The task -
Where the line containing "1380 image1854 N°" appears below, begin there and reproduce each line exactly through the last one, omitting pictures.

Given material -
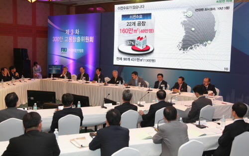 전국경제인연합회는 22일 소공동 웨스틴조선호텔에서 대도시 부적합 공장부지 활용, 건설기계산업 활성화, 지속가능한 사회적기업 육성 방안 제시를 위한 '제3차 300만 고용창출위원회'를 개최했다.(사진제공=전경련)
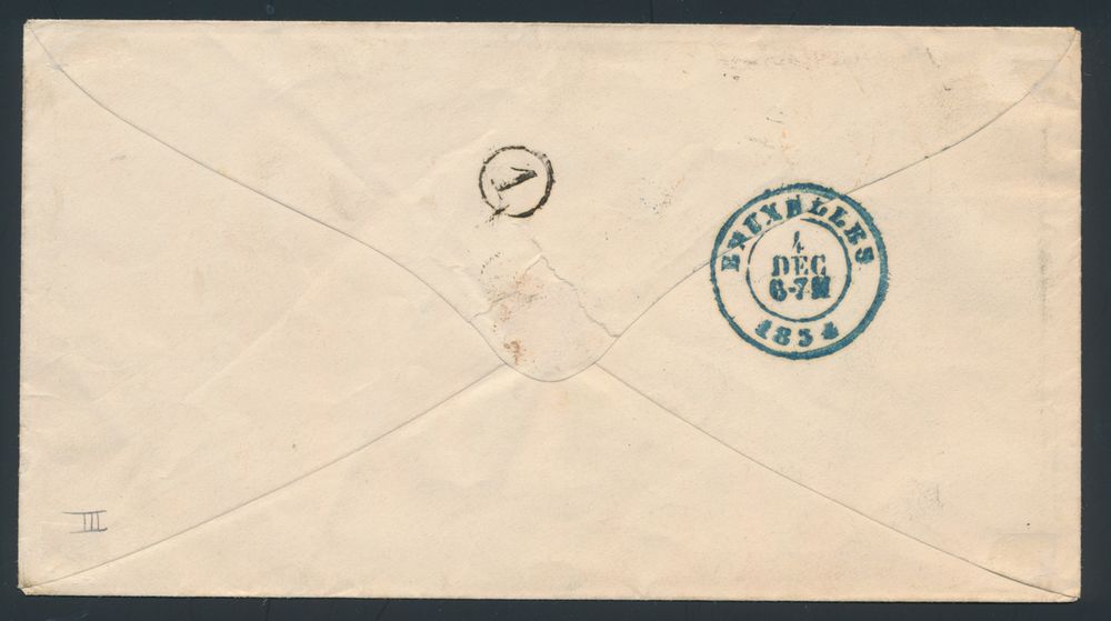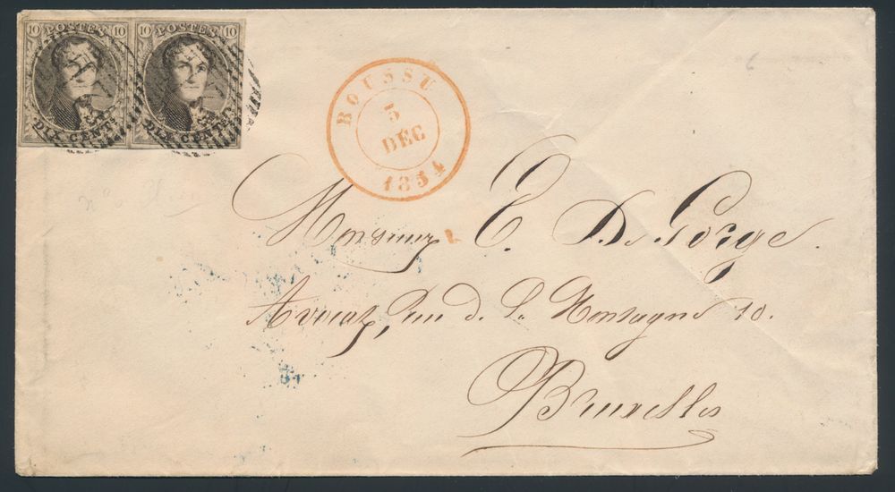 1380 image1854 N° 6 "10c. brown", in pair on cover, fully margined, plate III, cancel P.21-Boussu, dated 3 December 1854, to Brussels, nice postman's stamp on reverse, 1 in circle black, vf(Image 1) (Image 2)
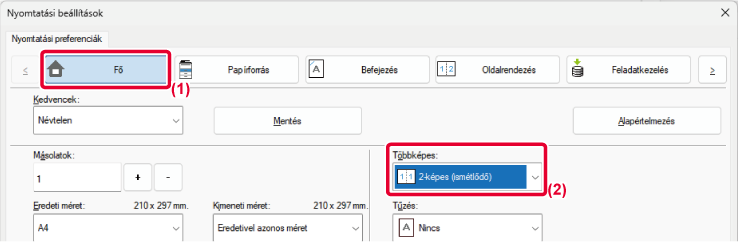 az indexfüles papír méretét a "Kimeneti méret" lehetőségei közül.Ezzel a funkcióval meghatározott oldalakat
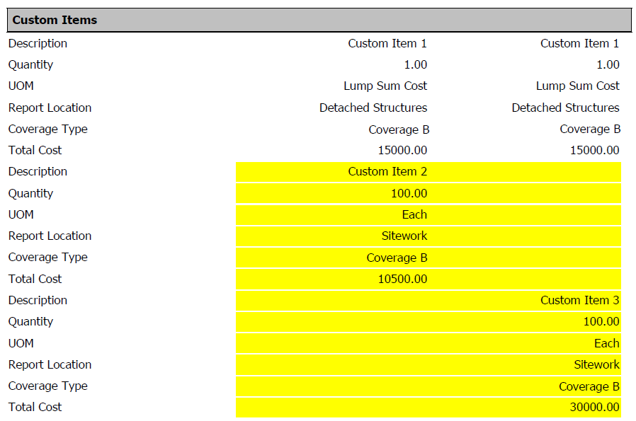 Custom Items with a category of Detached Structures and set to Coverage Type A now are accurately represented in totals for Coverage A. Previously, any Custom Items set like this were not factoring into Coverage A totals.

Answer -
 1380 image1854 N° 6 "10c. brown", in pair on cover, fully margined, plate III, cancel P.21-Boussu, dated 3 December 1854, to Brussels, nice postman's stamp on reverse, 1 in circle black, vf(Image 1) (Image 2)
 az indexfüles papír méretét a "Kimeneti méret" lehetőségei közül.Ezzel a funkcióval meghatározott oldalakat
 Custom Items with a category of Detached Structures and set to Coverage Type A now are accurately represented in totals for Coverage A. Previously, any Custom Items set like this were not factoring into Coverage A totals.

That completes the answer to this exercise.